_Exercise objective_
Take the records below and print them verbatim up to and including the line that carries "AI Chatbot को ब्लॉगर में कैसे जोड़े?".
......
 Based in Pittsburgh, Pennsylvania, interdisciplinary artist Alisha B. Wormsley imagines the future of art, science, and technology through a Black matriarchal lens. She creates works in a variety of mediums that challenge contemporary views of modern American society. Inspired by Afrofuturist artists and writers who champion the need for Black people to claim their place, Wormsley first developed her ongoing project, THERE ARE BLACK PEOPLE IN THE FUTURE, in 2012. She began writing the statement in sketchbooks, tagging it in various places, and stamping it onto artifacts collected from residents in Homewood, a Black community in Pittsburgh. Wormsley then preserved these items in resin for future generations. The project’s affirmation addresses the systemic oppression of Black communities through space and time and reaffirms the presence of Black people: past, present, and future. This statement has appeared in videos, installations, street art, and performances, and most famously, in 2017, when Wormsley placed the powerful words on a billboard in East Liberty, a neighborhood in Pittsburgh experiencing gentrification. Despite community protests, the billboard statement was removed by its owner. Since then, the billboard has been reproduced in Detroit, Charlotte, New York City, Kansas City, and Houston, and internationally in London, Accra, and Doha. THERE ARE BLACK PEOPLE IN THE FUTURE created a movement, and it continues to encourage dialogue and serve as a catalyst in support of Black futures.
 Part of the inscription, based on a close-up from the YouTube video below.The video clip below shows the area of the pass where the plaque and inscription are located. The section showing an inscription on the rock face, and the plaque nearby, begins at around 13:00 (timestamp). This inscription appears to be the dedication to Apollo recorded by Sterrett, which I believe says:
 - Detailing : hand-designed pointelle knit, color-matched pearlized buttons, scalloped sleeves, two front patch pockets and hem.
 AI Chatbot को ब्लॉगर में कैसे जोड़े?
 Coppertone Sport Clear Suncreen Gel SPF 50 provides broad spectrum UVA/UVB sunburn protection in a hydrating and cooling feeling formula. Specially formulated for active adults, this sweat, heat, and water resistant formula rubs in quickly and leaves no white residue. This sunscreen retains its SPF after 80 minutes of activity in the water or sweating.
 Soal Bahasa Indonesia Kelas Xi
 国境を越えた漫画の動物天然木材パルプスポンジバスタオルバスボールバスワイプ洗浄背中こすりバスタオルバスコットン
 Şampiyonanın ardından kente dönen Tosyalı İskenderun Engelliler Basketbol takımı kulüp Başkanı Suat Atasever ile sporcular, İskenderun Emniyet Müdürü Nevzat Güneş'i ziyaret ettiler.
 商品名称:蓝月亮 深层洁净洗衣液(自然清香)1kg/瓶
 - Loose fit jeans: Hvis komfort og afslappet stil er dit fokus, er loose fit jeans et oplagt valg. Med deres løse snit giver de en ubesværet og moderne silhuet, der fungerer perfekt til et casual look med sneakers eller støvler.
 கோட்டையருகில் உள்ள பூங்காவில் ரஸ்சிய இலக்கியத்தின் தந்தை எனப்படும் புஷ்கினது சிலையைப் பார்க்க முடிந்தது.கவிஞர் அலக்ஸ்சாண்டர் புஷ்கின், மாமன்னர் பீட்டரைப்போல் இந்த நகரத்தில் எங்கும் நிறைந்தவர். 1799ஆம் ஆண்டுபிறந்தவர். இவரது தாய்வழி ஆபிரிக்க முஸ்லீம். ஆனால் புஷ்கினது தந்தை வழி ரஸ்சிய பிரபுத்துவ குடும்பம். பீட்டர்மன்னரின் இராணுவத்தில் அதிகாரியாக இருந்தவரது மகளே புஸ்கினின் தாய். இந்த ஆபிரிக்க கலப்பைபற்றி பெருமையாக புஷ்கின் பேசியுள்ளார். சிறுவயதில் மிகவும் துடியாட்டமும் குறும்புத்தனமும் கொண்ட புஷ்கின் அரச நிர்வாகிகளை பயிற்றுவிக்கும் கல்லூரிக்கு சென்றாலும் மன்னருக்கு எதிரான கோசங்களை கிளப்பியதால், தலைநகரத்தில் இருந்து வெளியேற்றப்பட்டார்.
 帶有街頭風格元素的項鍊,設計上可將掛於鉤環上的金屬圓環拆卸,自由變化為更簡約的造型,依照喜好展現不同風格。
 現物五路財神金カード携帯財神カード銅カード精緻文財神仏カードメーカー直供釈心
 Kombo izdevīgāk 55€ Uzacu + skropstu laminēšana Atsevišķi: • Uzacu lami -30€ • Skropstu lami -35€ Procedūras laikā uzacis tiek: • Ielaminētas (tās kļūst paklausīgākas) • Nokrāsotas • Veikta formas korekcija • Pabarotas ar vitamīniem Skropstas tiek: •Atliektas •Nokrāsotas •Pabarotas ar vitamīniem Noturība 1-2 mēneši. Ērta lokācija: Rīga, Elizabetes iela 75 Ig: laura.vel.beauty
......
_Solution for this task_
 Based in Pittsburgh, Pennsylvania, interdisciplinary artist Alisha B. Wormsley imagines the future of art, science, and technology through a Black matriarchal lens. She creates works in a variety of mediums that challenge contemporary views of modern American society. Inspired by Afrofuturist artists and writers who champion the need for Black people to claim their place, Wormsley first developed her ongoing project, THERE ARE BLACK PEOPLE IN THE FUTURE, in 2012. She began writing the statement in sketchbooks, tagging it in various places, and stamping it onto artifacts collected from residents in Homewood, a Black community in Pittsburgh. Wormsley then preserved these items in resin for future generations. The project’s affirmation addresses the systemic oppression of Black communities through space and time and reaffirms the presence of Black people: past, present, and future. This statement has appeared in videos, installations, street art, and performances, and most famously, in 2017, when Wormsley placed the powerful words on a billboard in East Liberty, a neighborhood in Pittsburgh experiencing gentrification. Despite community protests, the billboard statement was removed by its owner. Since then, the billboard has been reproduced in Detroit, Charlotte, New York City, Kansas City, and Houston, and internationally in London, Accra, and Doha. THERE ARE BLACK PEOPLE IN THE FUTURE created a movement, and it continues to encourage dialogue and serve as a catalyst in support of Black futures.
 Part of the inscription, based on a close-up from the YouTube video below.The video clip below shows the area of the pass where the plaque and inscription are located. The section showing an inscription on the rock face, and the plaque nearby, begins at around 13:00 (timestamp). This inscription appears to be the dedication to Apollo recorded by Sterrett, which I believe says:
 - Detailing : hand-designed pointelle knit, color-matched pearlized buttons, scalloped sleeves, two front patch pockets and hem.
 AI Chatbot को ब्लॉगर में कैसे जोड़े?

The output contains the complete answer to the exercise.